晏風來到大沛,他斷沒有讓人盯著的道理,再者,若被晏風發現,影響了兩國交好,可他不知,晏風什麽時候與任宛已經這麽相熟了。

任宛是萬般不想把手放到湛浚淩手中,來到他身旁,笑得比哭還難看,晏風許是瞧到了她心裏,笑著解釋道:“緣分使然,當日並不知阿宛身份,若是知道,便該早早上門向王爺討一杯酒。”

“三皇子客氣了,只是阿宛還是叫不得,三皇子自重。”湛浚淩握著任宛的手,看著晏風道:“王妃出事是我的疏忽,三皇子救了王妃,就該由本王謝過,王妃的閨名三皇子還是別喊了。
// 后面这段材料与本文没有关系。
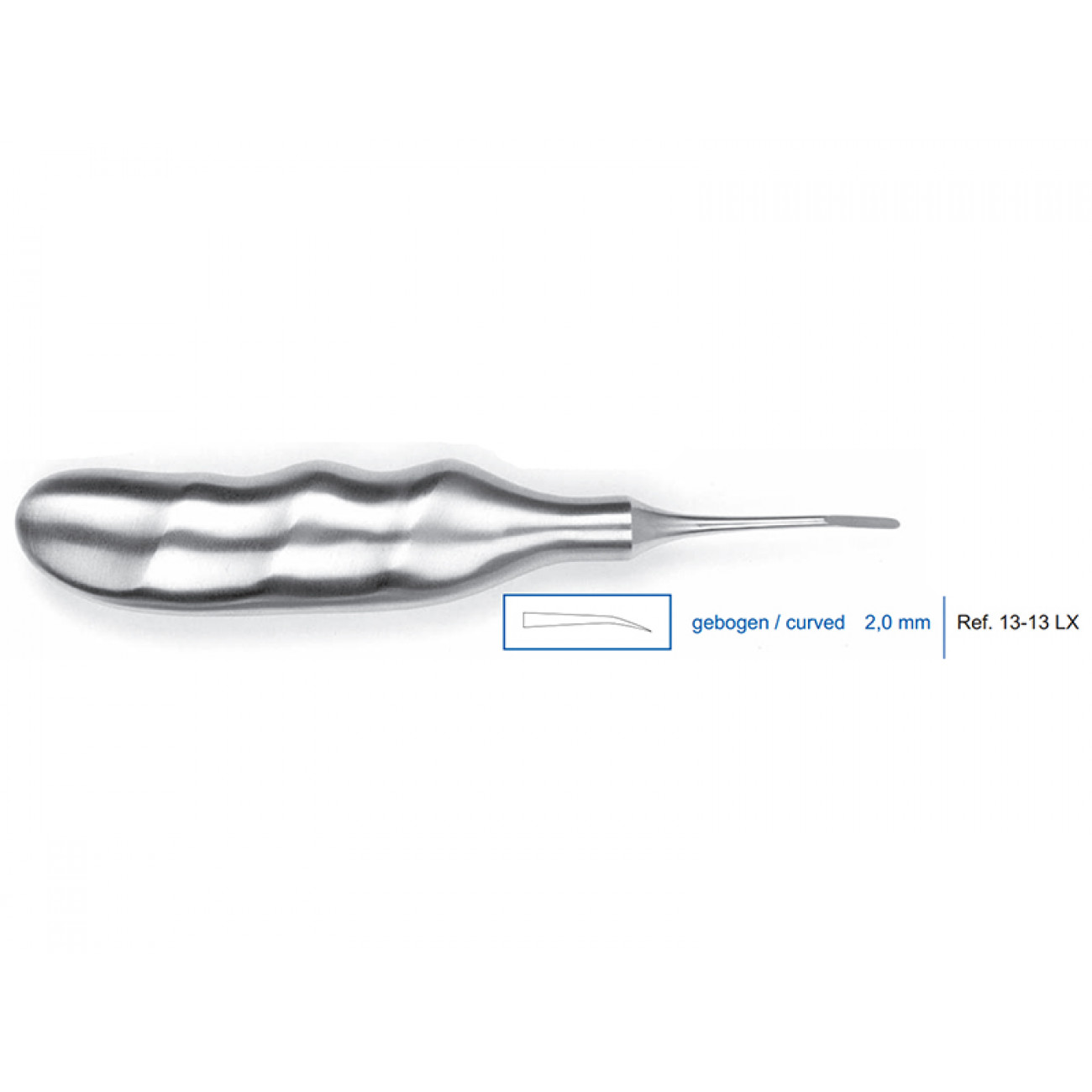Люксатор 13-13LX — это изогнутый люксатор с рабочей частью диаметром 2,0 мм, предназначенный для использования в стоматологии.
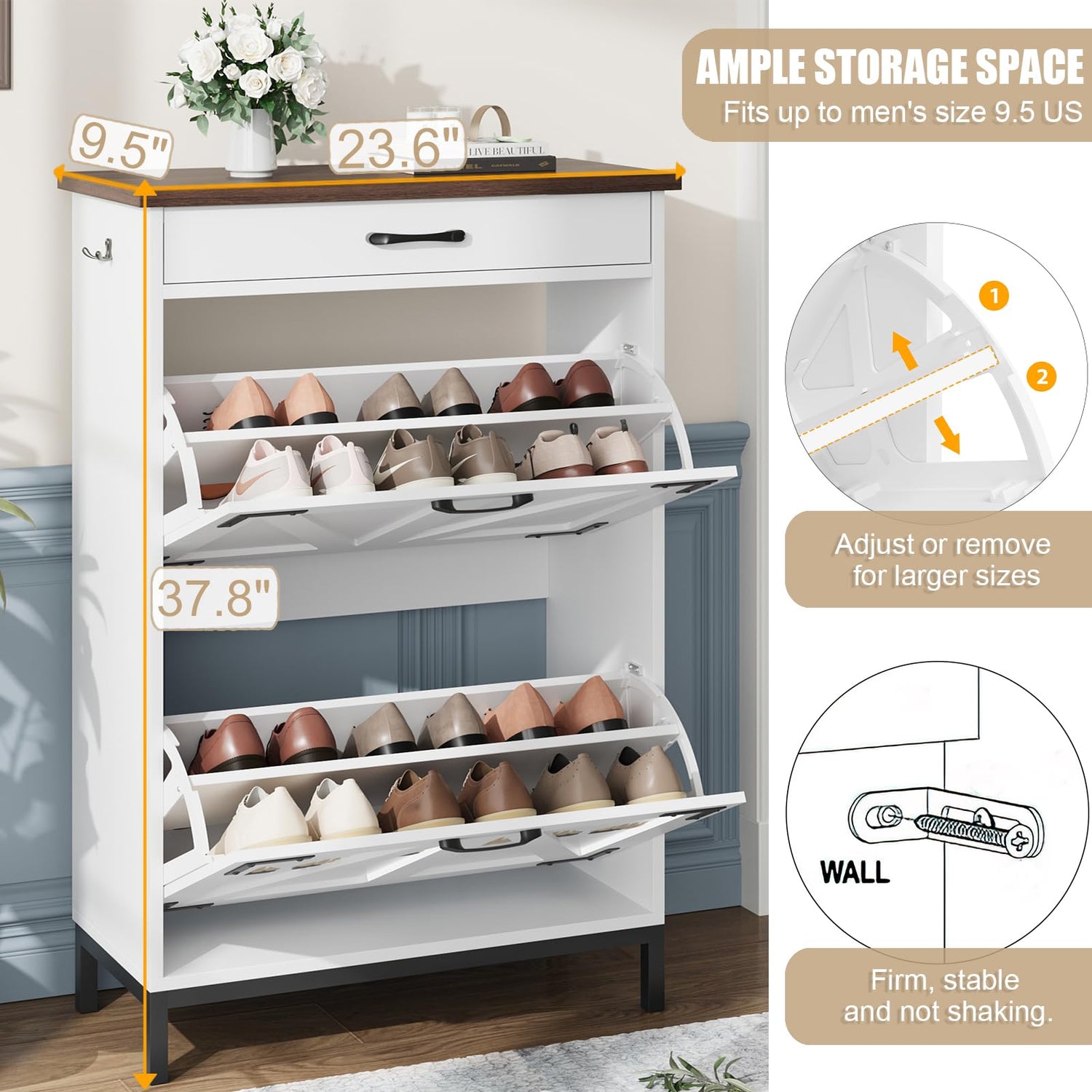 Shoe Cabinet Storage for Entryway Hidden Shoes Storage Cabinet Farmhouse Narrow Shoe Organizer Cabinet with 2 Flip Drawers, Free Standing Slim Shoe Cabinet for Door Entry, Foyer, Hallway, White

”

任宛皺眉,湛浚淩又吃錯藥了?怎麽還計較起名字來了。

晏風保持著淺笑,沒有因為湛浚淩的話而不高興,說道:“傳聞王爺不喜王妃,看來傳聞有假。”

“傳聞真假,三皇子眼見為實。”湛浚淩不虞,突然感覺事情有些脫控。

火.藥味,任宛聞到了極嚴重的火.藥味,湛浚淩這個樣子倒像是在吃醋,這個念頭剛出任宛就否認了,不對不對,他鐵定是吃錯藥了。

“我只是替阿宛高興,王爺不必動怒,再說了,今日我是以宴大哥的身份來看阿宛的,王爺不必想太多。”

晏風看著湛浚淩笑出聲,眼神有意無意地掃向門口疾步走來的丫鬟,說道:“王爺該忙什麽就去忙吧,不必招待我。”

湛浚淩眼神陰暗,丫鬟便走到了門口,神情焦急,在門外跪倒:“王爺,小姐醒了要找您。”

嘖,任宛挑眉,自然從湛浚淩手中抽出手道:“王爺去忙吧,我陪晏大哥在府裏走走。”